Abstract:

In a flipped learning setting, the major part of content delivery is accomplished outside of the classroom and class time is instead used for engaging students in collaborative and hands-on activities. During the past decades, this pedagogical approach has gained much popularity and a large body of research supports its benefits. Implementing flipped learning, however, is not obvious and relies on many factors related to the local learning and teaching culture, the existing assessment regulations, the curricular boundary conditions and, most important, on scalability considerations. Flipping a class with 30 students might be considered as a feasible task, but flipping a lecture with 300 students turns out to be rather challenging and may potentially require considerable investments, such as room reconfiguration and increased teaching manpower. Before any department or university considers adopting flipped learning in a given local context, it will be necessary to identify possible assets and drawbacks beforehand. For this reason, we have conducted a pilot study within a physics lecture class of 370 students at a major Swiss research university.

In a one-year undergraduate physics course, we divided the student cohort into two parallel teaching settings. During one semester, we offered a highly interactive flipped class (SCALE-UP pedagogy) to one group of 52 students and a reformed lecture to the remaining 318 students. In the second semester, all students were taught in the same lecture setting, without a flipped class alternative. According to university regulations, we were not allowed to use grading as an incentive to control the students’ learning behavior or to administer different grading schemes to the separate groups. Grades for both groups were determined by a comprehensive high-stakes exam that took place eight months after the flipped classroom intervention.
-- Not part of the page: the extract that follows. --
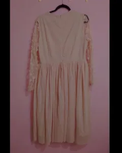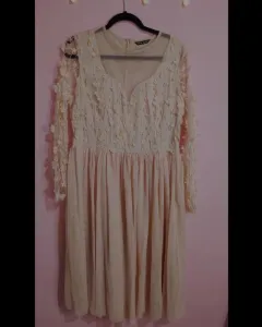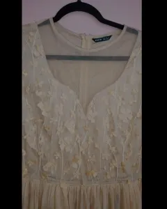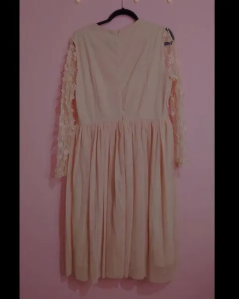 Vestido con florecitas en la parte de arriba en color entre melón y rosa. Está súper hermoso en la parte de arriba tiene como brillito en el contorno de las florecitas.

In order to conduct a comparative study of the different pedagogical settings, we recorded the performance of the complete student cohort (both flipped class and lecture) at different points in time:
- Force Concept Inventory (FCI): Pre- and Post-test during the intervention
- Physics Mid-term exam: 10th week (optional) during the intervention
- Math (calculus) Exam: 3 months after the intervention (as a secondary control variable)
- Physics Final Exam: 8 months after the intervention

In addition, we recorded student feedback data from two separate semester evaluation surveys. These surveys included data related to class attendance, time spent on out-of-class preparation, level of intellectual challenge, and self-confidence in the comprehension of the course material.

By analyzing those data, we aimed to address the following questions:
- What are the students’ short-term and medium-term performance gains that we can expect from flipped learning?
- Did students in the flipped learning setting adapt a different learning behavior and did their attitudes towards the learning goals differ from those of the lecture students?

In this presentation, we will present our results and draw conclusions on implementing flipped learning in large courses at a research university.

Keywords:

Flipped classroom, physics, scale-up, lecture.